Mapping examples as guidance for data harmonization (yellow nodes denote GARD diseases; green nodes denote concepts from other resources, such as OMIM) Cypher Query 3: match p = (m:S_GARD)-[:I_CODE|:N_Name]-(n:S_GARD) return p limit 100. Description: searching for 100 GARD diseases with the same disease name/code. The first mapping example of “NEUROFIBROSARCOMA (GARD:0008211)” and “MALIGNANT PERIPHERAL NERVE SHEATH TUMOR (GARD:0010872)” is developed via one object predicate “N_Name” i.e., “NEUROFIBROSARCOMA”, the highlighted yellow edge shown in Fig. 2a. These two diseases are also mapped to multiple concepts from other resources, including OMIM in blue nodes, MONDO in purple nodes, MedGen in red nodes, etc. “MULTICENTRIC CARPOTARSAL OSTEOLYSIS SYNDROME (GARD:0013042)” and “MULTICENTRIC OSTEOLYSIS NEPHROPATHY (GARD:0003818)” are mapped via multiple mapping paths, “I_CODE” (i.e., “OMIM:16630”, “MONDO:0008152”) and “N_Name” (i.e., “MULTICENTRIC CARPO-TARSAL OSTEOLYSIS WITH OR WITHOUT NEPHROPATHY”, etc.), shown in Fig. 2b. These two examples illustrate some degree of disease similarity presenting among those diseases, which instructs us to define harmonization rules for filtering duplicate/similar GARD diseases with same concept name and/or identifier, or mapped to same concepts from other resources. The third example of 12 diseases, which are belonging to Bardet-Biedl syndrome family, are interlinking each other, shown in Fig. 2c. Apparently “Bardet-Biedl syndrome (GARD:0006866)” highlighted is a parent node of other eleven nodes. This example directs us to organize GARD disease with parent and child relationship.
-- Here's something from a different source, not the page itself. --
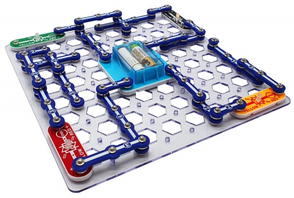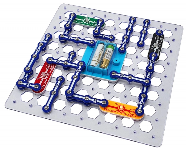 Spalvomis išskirtos detalės ir aiškus tinklelis leidžia intuityviai dėlioti elektrines grandines – idealiai tinka vaikams nuo 8 metų ir suaugusiesiems.

Before implementation of the harmonization rules, they will be reviewed and approved by our domain experts, including two co-authors with MD degree, AP is the director of the Office of Rare Disease Research (ORDR) at NCATS, ES is a Program Officer at ORDR at NCATS. Besides data mappings via “I_CODE” and “N_Name”, there are other mapping strategies towards data harmonization by applying different types of data available from our Neo4j graph, such as, Genes, Proteins. In addition, we can employ network analysis with different topological properties, i.e., path length, to support data harmonization.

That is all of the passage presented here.